# Sentiment Analysis Lab: Movie Review Classification

**Objective:** Train a machine learning model to classify movie reviews as positive or negative.

**Dataset:** movie_reviews.csv

## Step 1: Import Libraries

In [2]:
import pandas as pd
from sklearn.feature_extraction.text import TfidfVectorizer
from sklearn.model_selection import train_test_split
from sklearn.linear_model import LogisticRegression
from sklearn.metrics import accuracy_score, classification_report

ValueError: numpy.dtype size changed, may indicate binary incompatibility. Expected 96 from C header, got 88 from PyObject

## Step 2: Load the Dataset

In [None]:
# Load the movie reviews dataset
df = pd.read_csv('movie_reviews.csv')

print("Dataset loaded successfully!")
print(f"Dataset shape: {df.shape}")
print(f"\nFirst few rows:\n{df.head()}")

## Step 3: Extract Text and Label Columns

In [None]:
# Extract features (X) and target (y)
X = df['text']  # Movie reviews
y = df['label']  # Sentiment labels (positive/negative)
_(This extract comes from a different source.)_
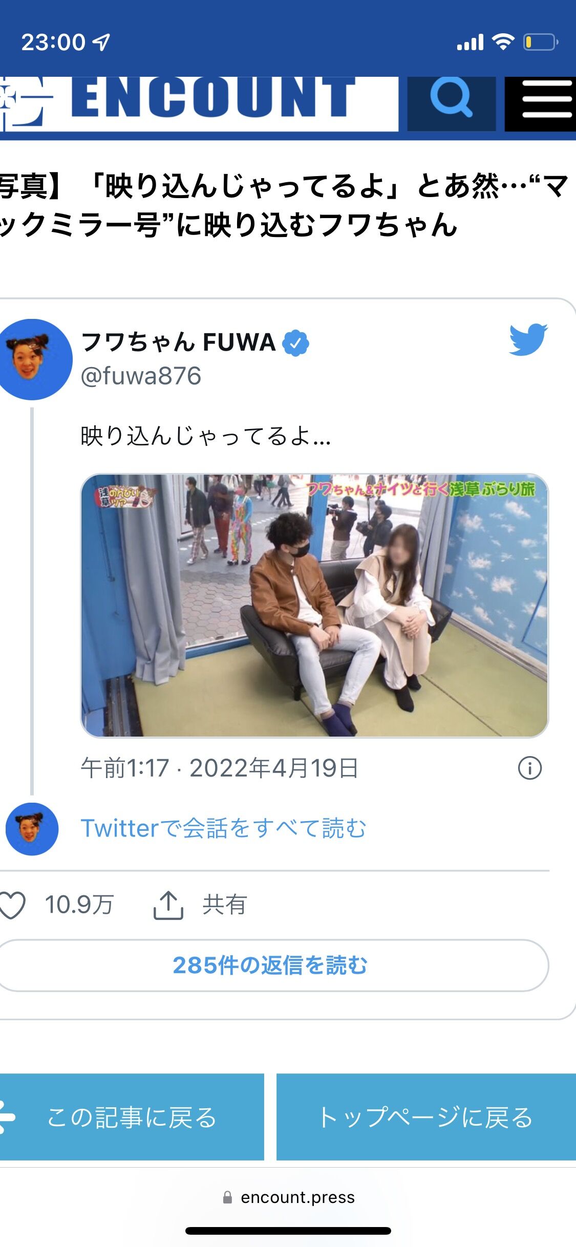 ・フワちゃんが浅草を訪れ、おすすめスポットを紹介するという内容になるはずだったが、なんと「スタッフがロケの映像データを紛失した」という。防犯カメラの映像や、ユーチューバーの撮影に映り込んだロケ当日のフワちゃんをひたすら切り抜いてつなげ、足りない部分は紙芝居で補うなどして番組放送にこぎつけた。その中の一場面として使用されたのが、前述の「マジックミラー張りのトラック」からの映像だった。

print(f"Number of reviews: {len(X)}")
print(f"Label distribution:\n{y.value_counts()}")

## Step 4: Transform Text into Numerical Features using TF-IDF

In [None]:
# Initialize TF-IDF Vectorizer
vectorizer = TfidfVectorizer()

# Fit and transform the text data
X_vectorized = vectorizer.fit_transform(X)

print(f"Feature matrix shape: {X_vectorized.shape}")
print(f"Number of unique words (features): {len(vectorizer.get_feature_names_out())}")

## Step 5: Split Data into Training and Testing Sets (80/20)

In [None]:
# Split the data
X_train, X_test, y_train, y_test = train_test_split(
    X_vectorized, y, test_size=0.2, random_state=42
)

print(f"Training set size: {X_train.shape[0]}")
print(f"Testing set size: {X_test.shape[0]}")

## Step 6: Initialize and Train the Logistic Regression Model

In [None]:
# Initialize the model
model = LogisticRegression(max_iter=1000)

# Train the model
model.fit(X_train, y_train)

print("Model training complete!")

## Step 7: Make Predictions on the Test Set

In [None]:
# Predict labels for test set
y_pred = model.predict(X_test)

print(f"Predictions made for {len(y_pred)} test samples")

## Step 8: Calculate and Print Accuracy Score

In [None]:
# Calculate accuracy
accuracy = accuracy_score(y_test, y_pred)

print(f"Accuracy Score: {accuracy:.2f}")
print(f"Accuracy Percentage: {accuracy * 100:.2f}%")

## Step 9: Print Classification Report

In [None]:
# Display detailed classification metrics
print("Classification Report:")
print(classification_report(y_test, y_pred))

## Key Insight

Assess how well the model generalizes to new, unseen reviews. The accuracy score and classification report show:
- **Precision**: Of all reviews predicted as positive/negative, how many were correct?
- **Recall**: Of all actual positive/negative reviews, how many did we identify?
- **F1-Score**: The harmonic mean of precision and recall

A high accuracy on test data indicates the model successfully learned patterns from the training data and can generalize to new movie reviews!